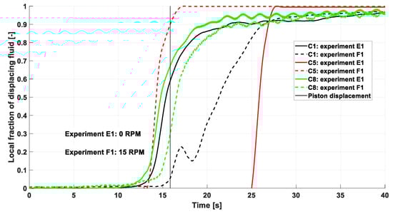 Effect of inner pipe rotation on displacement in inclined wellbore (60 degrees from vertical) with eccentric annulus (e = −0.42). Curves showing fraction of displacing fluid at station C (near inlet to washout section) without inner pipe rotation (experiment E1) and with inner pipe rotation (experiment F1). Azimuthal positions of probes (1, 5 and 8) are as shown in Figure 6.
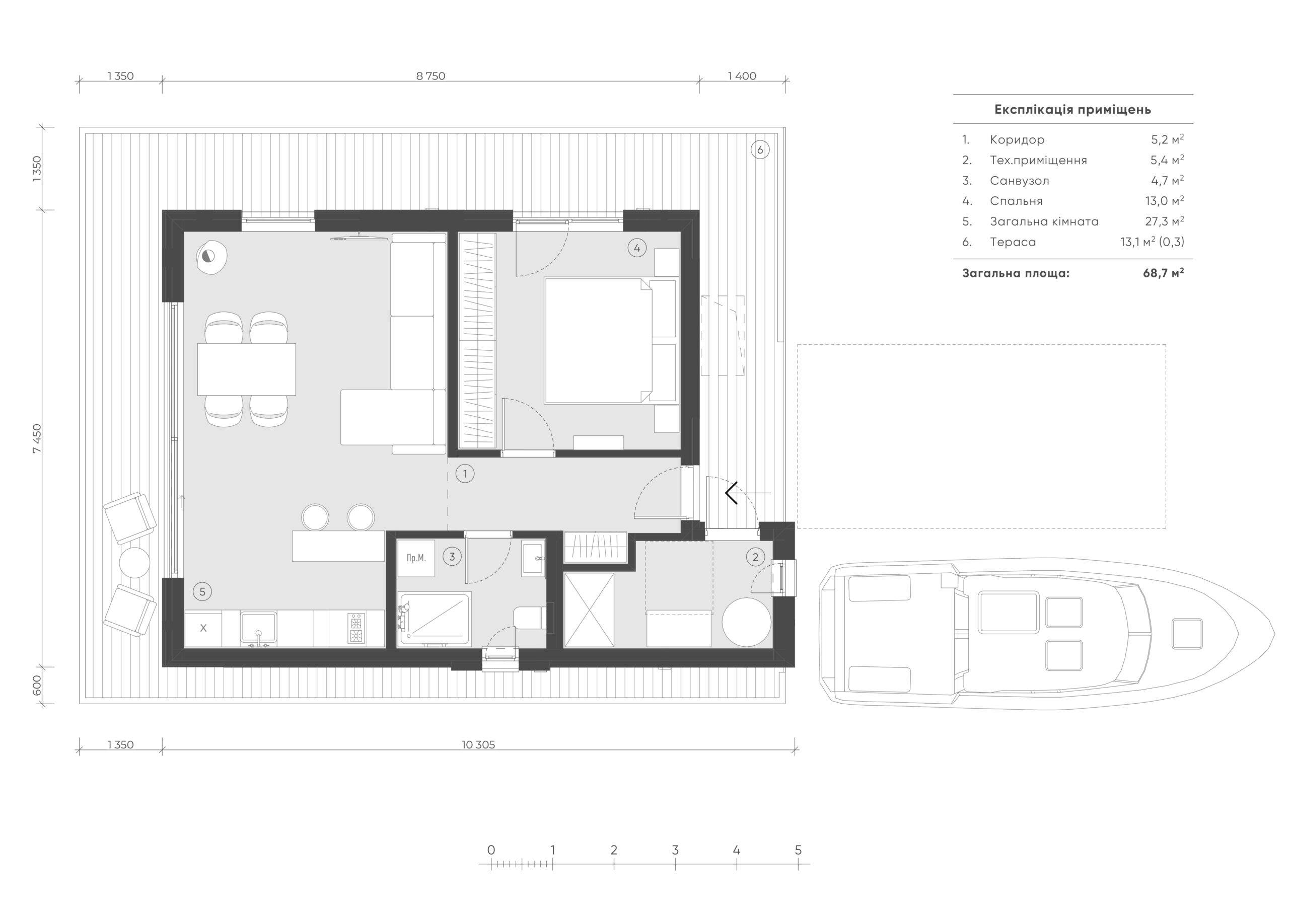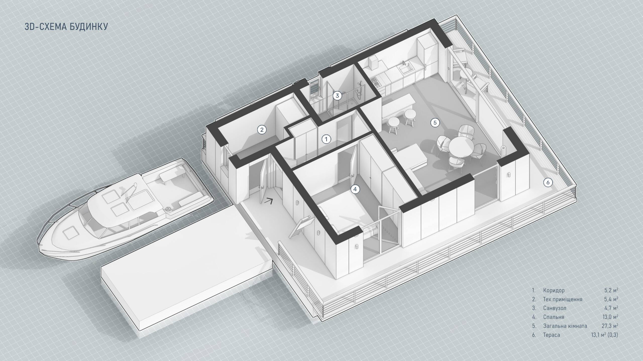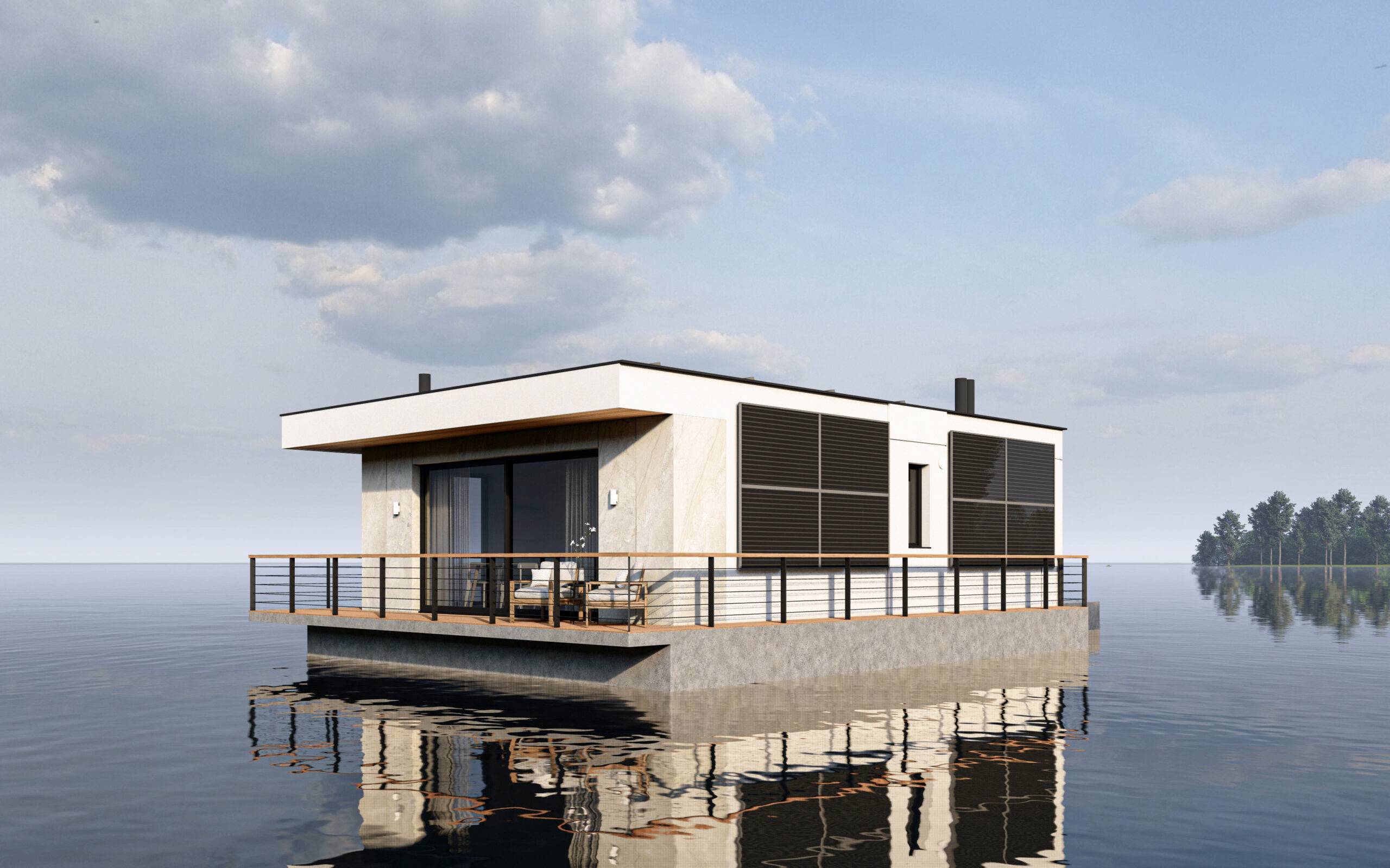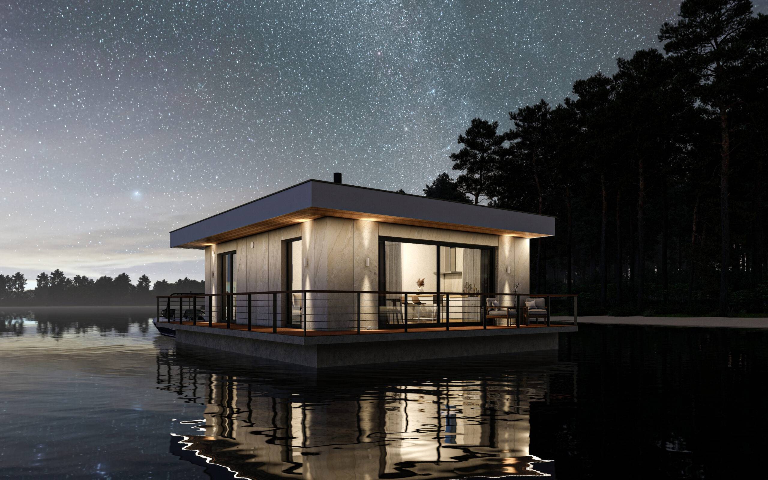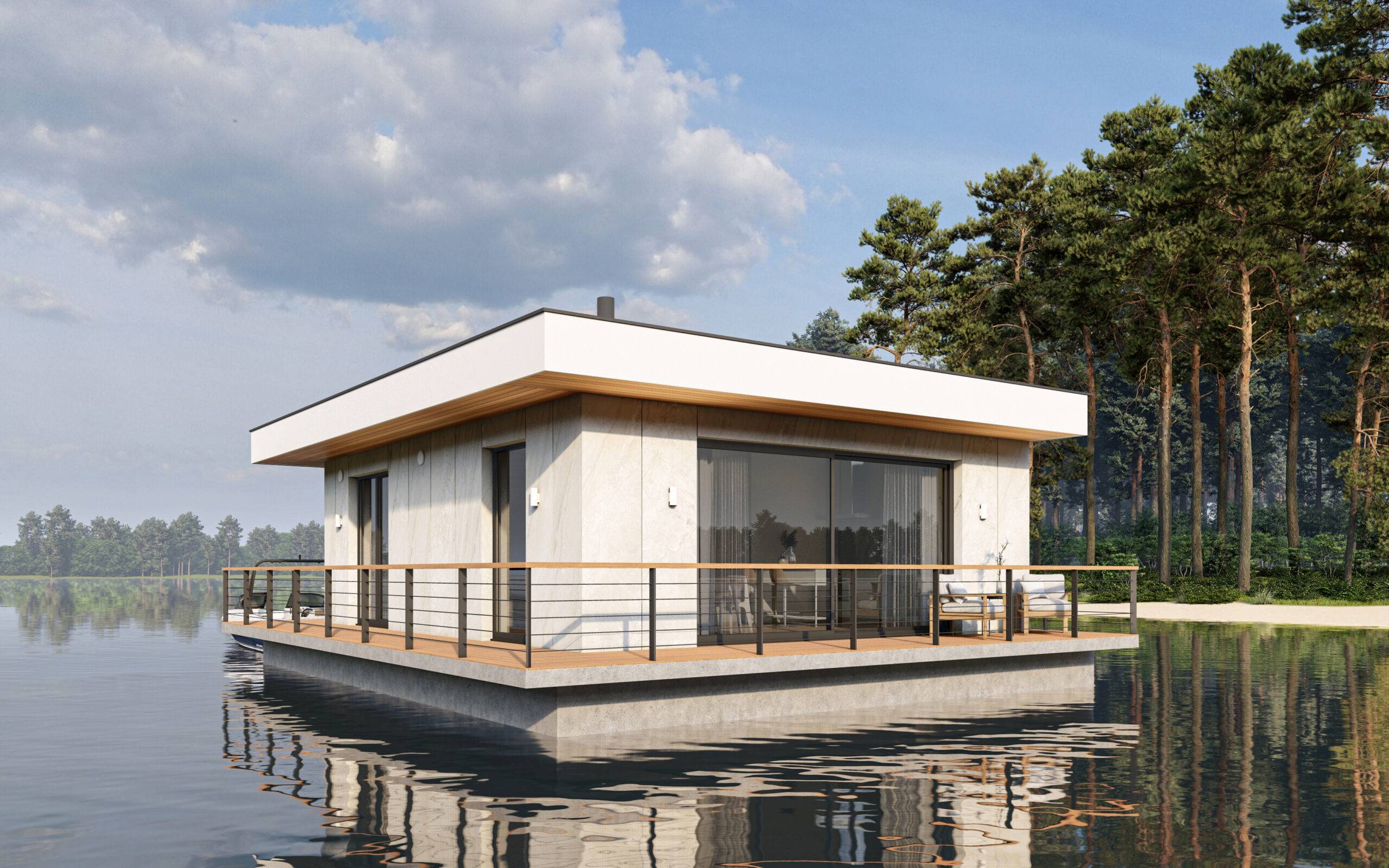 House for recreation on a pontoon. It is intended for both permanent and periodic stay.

==

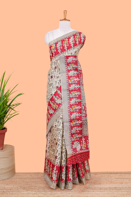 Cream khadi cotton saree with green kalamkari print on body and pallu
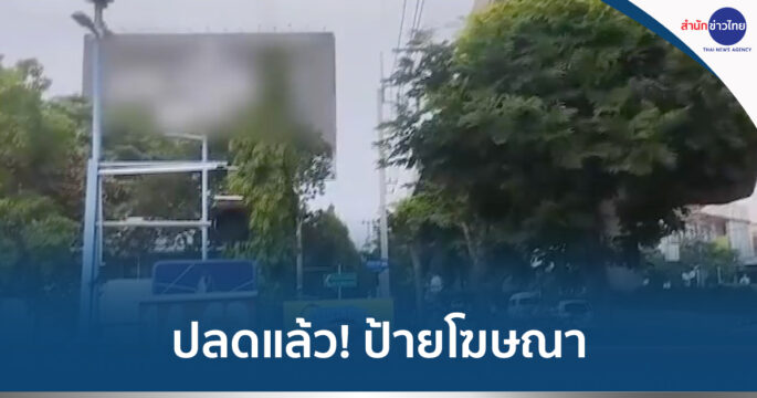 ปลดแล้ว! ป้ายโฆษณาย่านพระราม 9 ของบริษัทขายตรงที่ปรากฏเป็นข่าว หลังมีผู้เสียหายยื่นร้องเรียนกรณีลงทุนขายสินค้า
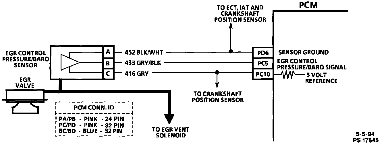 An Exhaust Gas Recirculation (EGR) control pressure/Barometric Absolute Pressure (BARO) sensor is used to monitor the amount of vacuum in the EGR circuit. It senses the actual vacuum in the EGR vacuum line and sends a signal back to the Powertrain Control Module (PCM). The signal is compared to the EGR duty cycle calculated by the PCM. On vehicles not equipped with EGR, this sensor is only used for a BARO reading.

## [Exercise directions]
Using the records above, print exactly the run of lines that starts with the line with "Effect of inner" and goes on through the line with "House for recreation", pictures excluded.

## [Expected output]
 Effect of inner pipe rotation on displacement in inclined wellbore (60 degrees from vertical) with eccentric annulus (e = −0.42). Curves showing fraction of displacing fluid at station C (near inlet to washout section) without inner pipe rotation (experiment E1) and with inner pipe rotation (experiment F1). Azimuthal positions of probes (1, 5 and 8) are as shown in Figure 6.
 House for recreation on a pontoon. It is intended for both permanent and periodic stay.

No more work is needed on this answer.